Available data:
►
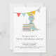 Convite Para primeiro aniversario De Bolo De Dinossauro Bonito. O cabeçalho é grande em na moda lowercase com os detalhes abaixo. Personalize facilmente o texto. Um azul de pó de coordenação está atrás
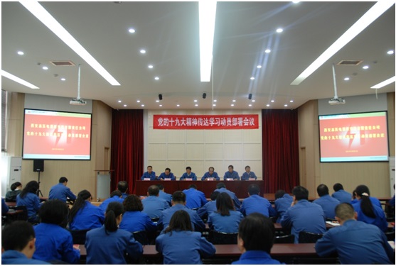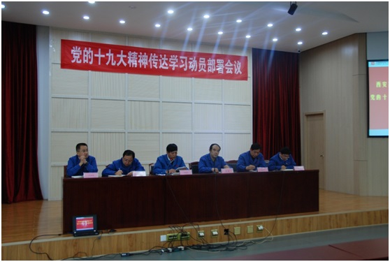 首先,党委书记班建同志传达了10月27日国务院国资委专题视频会和西电集团学习宣传贯彻党的十九大精神动员会精神。随后,带领全体参会人员学习了党的十九大报告,并对党的十九大精神传达学习工作进行了具体部署。
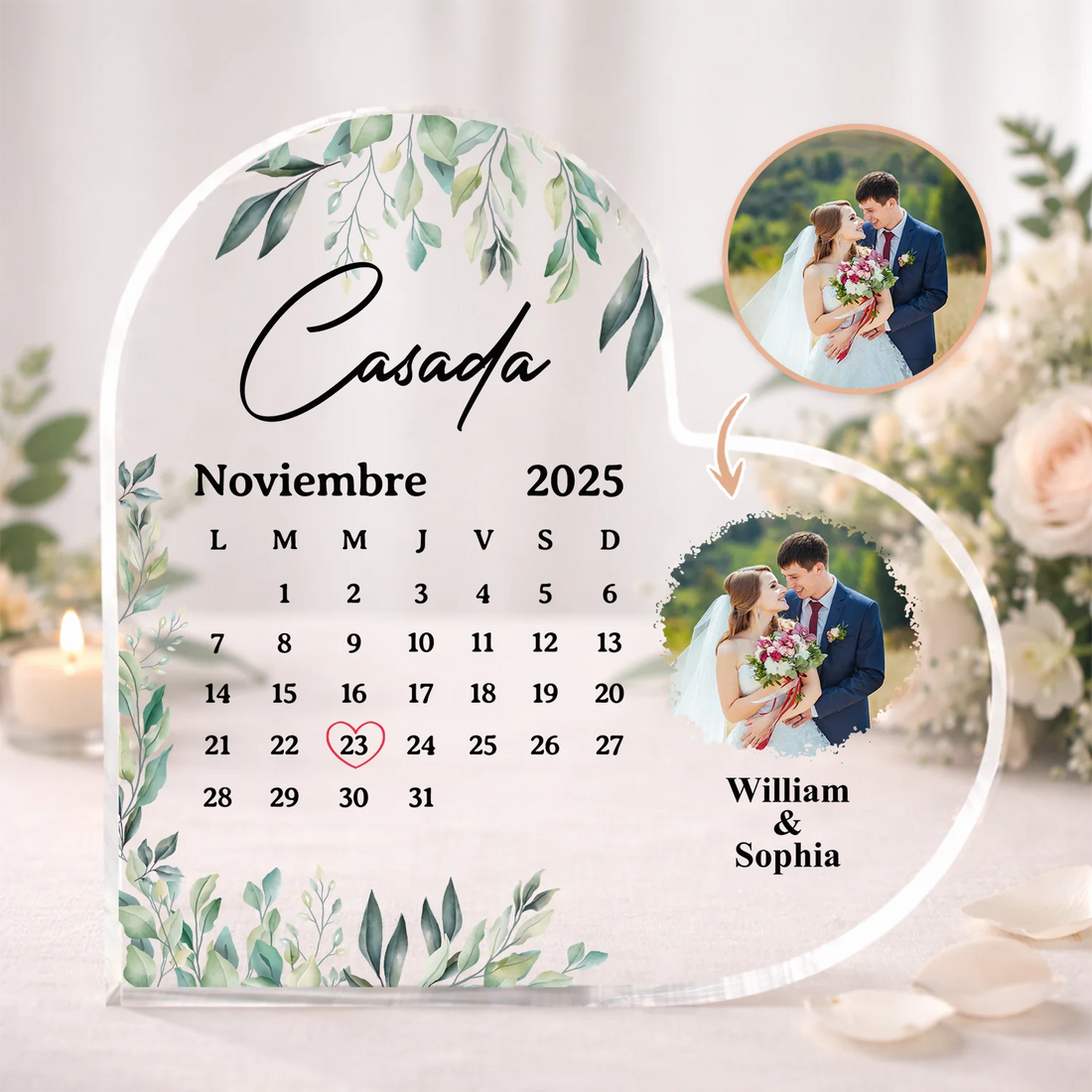 Cristal plaque personalizada - Calendario fotográfico personalizado para parejas casadas
◄
Required work:
Begin with the line that contains "首先,党委书记班建同志传达了" and repeat every line through the end of the data, exactly and only those lines, leaving out the pictures.

Exercise response:
 首先,党委书记班建同志传达了10月27日国务院国资委专题视频会和西电集团学习宣传贯彻党的十九大精神动员会精神。随后,带领全体参会人员学习了党的十九大报告,并对党的十九大精神传达学习工作进行了具体部署。
 Cristal plaque personalizada - Calendario fotográfico personalizado para parejas casadas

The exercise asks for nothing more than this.